Sebagai pemantik diskusi, dihadirkan dua narsumber yaitu Hamdan yang memaparkan “Urgensi Pembentukan Rencana Induk Pengembangan Ekonomi Kreatif Nasional”. Hamdan menegaskan, untuk mencapai target RPJMN 2015—2019, terdapat urgensi pembentukan karena telah berakhirnya Instruksi Presiden tentang Pengembangan Ekonomi Kreatif tahun 2009—2015 serta perlunya sinkronisasi dan sinergi antara kementerian dan lembaga. Sementera itu, Muhammad Faiz Azis menjelaskan “Pentingnya Partisipasi Publik dan Substansi Rancangan Peraturan Presiden”. Azis memulai presentasinya dengan menyatakan bahwa “tetes tinta” pembentuk Perpres ini akan mengatur seluruh kegiatan ekonomi kreatif di Indonesia, termasuk pelaku ekonomi kreatif dan pemerintah daerah. Untuk itu, konsultasi publik penting menerima saran dan kritik dalam meningkatkan kualitas regulasi yang akan dibentuk. Azis memaparkan pertimbangan pembentukan Perpres ini adalah mendorong daya saing nasional melalui pemanfaatan kreativitas dan inovasi menghasilkan, perlindungan hukum terhadap kekayaan intelektual, serta pemanfaatan bonus demografi berupa jumlah penduduk usia produktif akan tumbuh pesat.

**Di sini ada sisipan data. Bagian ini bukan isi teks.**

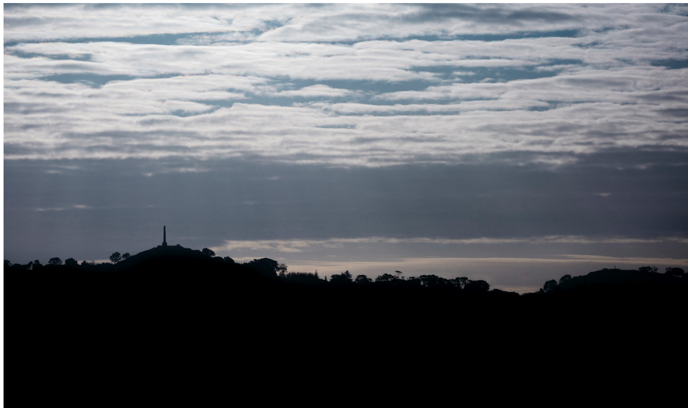
Image: View from Ōtāhuhu / Mt Richmond looking toward Maungakiekie / One Tree Hill

Dalam sesi diskusi, perwakilan Ditjen Harmonisasi Kemenkumham mengingatkan pentingnya melakukan harmonisasi dengan peraturan yang telah diatur oleh kementerian dan lembaga lain, maka penting segera diajukan dalam Program Penyusunan Perpres Prioritas Tahun 2017. Sementera itu, para pelaku ekonomi kreatif secara umum mengeluhkan kesulitan dalam akses pembiayaan dan pemasaran karya kreatif yang telah dihasilkan. Misalnya, mereka menyatakan tidak cukup hanya mendeklarasikan Ambon sebagai kota musik, tindak lanjut dari labelisasi itu harus dipikirkan juga oleh pemerintah dengan membuat aturan baru di tingkat pemerintah daerah. Azis menanggapi bahwa tidak semua kendala implementasi harus diselesaikan dengan pembentukan dan perubahan peraturan, terkadang perbaikan prosedur teknis dan pemutakhiran teknologi cukup menjadi solusi bagi usaha kreatif di daerah.